◼ Once again the media are full of talk about dysfunction and default, as the partial government shutdown threatens to linger until the federal government hits the limit of its borrowing capacity, possibly on Oct. 17. - CATO Institute
If in fact Congress doesn’t raise the ceiling by mid-October—or by November 1 or so, when the real crunch might come—then the federal government would be forbidden to borrow any more money beyond the legal limit of $16.699 trillion.
Congress and the president will work out the debt ceiling issue, if not by October 17 then a few days later. The real dysfunction is a federal budget that doubled in 10 years, unprecedented deficits as far as the eye can see, and a national debt bursting through its statutory limit of $16.699 trillion and heading toward 100 percent of GDP.
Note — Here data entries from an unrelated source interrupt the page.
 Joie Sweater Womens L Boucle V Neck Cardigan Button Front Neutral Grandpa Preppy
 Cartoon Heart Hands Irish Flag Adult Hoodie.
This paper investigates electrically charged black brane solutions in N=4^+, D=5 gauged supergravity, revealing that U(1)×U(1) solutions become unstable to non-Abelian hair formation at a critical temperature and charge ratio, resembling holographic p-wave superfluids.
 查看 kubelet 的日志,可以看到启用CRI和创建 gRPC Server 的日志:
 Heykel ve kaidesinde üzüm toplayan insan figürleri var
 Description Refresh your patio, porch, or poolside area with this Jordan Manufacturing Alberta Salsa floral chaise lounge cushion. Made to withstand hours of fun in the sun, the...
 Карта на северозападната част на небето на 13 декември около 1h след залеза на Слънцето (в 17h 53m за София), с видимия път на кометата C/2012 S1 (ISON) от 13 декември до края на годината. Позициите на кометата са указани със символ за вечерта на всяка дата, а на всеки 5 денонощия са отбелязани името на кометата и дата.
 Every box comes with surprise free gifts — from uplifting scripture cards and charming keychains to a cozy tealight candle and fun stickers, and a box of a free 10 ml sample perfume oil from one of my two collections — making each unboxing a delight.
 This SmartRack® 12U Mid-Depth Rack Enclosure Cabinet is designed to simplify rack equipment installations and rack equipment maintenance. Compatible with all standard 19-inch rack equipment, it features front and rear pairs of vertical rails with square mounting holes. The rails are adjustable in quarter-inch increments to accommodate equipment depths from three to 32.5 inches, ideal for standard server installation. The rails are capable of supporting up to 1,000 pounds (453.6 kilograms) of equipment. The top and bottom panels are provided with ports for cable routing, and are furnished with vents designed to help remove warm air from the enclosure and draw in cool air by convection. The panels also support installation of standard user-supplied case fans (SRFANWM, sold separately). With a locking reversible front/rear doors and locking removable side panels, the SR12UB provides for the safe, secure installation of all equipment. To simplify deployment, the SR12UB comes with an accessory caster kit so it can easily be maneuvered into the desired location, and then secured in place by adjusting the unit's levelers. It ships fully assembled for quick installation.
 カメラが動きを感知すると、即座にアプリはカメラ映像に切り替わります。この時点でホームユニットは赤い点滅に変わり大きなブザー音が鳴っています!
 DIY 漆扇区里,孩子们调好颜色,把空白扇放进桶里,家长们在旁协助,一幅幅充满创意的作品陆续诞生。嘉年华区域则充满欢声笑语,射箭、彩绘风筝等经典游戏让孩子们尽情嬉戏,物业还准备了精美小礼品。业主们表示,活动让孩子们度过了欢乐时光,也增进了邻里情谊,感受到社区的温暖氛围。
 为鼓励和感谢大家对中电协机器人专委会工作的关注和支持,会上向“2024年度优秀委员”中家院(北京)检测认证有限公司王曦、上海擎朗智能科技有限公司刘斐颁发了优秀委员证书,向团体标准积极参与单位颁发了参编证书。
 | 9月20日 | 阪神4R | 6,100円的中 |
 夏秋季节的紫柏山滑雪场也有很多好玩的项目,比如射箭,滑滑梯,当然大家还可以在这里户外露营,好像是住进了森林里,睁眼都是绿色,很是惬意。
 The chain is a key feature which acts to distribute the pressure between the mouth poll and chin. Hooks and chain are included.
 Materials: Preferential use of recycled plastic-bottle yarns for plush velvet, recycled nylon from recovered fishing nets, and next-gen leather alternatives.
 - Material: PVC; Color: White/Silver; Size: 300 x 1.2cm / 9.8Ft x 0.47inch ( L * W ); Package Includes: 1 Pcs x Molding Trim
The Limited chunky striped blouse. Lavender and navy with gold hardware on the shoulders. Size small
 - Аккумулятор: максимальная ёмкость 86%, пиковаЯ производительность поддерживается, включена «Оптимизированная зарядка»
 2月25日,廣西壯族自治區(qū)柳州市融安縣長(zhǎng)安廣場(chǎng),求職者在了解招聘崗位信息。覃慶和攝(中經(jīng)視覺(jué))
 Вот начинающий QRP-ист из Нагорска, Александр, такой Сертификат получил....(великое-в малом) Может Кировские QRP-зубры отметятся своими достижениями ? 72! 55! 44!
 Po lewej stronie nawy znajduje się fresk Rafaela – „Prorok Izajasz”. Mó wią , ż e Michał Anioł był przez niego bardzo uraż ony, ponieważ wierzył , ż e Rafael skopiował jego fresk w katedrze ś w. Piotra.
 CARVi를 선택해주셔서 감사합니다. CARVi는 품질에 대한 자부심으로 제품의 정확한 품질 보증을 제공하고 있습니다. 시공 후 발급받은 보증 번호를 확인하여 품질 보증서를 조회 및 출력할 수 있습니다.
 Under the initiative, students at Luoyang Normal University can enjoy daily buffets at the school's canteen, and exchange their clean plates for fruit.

...Republicans and Democrats alike should be able to find wasteful, extravagant, and unnecessary programs to cut back or eliminate. And yet many voters, especially Tea Partiers, know that both parties have been responsible for the increased spending. Most Republicans, including today’s House leaders, voted for the No Child Left Behind Act, the Iraq war, the prescription drug entitlement, and the TARP bailout during the Bush years. That’s why fiscal conservatives have become very skeptical of bills that promise to cut spending some day—not this year, not next year, but swear to God some time in the next ten years. As the White Queen said to Alice, “Jam to-morrow and jam yesterday—but never jam to-day.” Cuts tomorrow and cuts in the out-years—but never cuts today.
If the “dysfunctional” fight that has sent the establishment into hysterics finally results in some constraint on out-of-control spending, then it will have been well worth all the hand-wringing headlines. The problem is not a temporary mess on Capitol Hill and not a mythical default, it’s spending, deficits, and debt.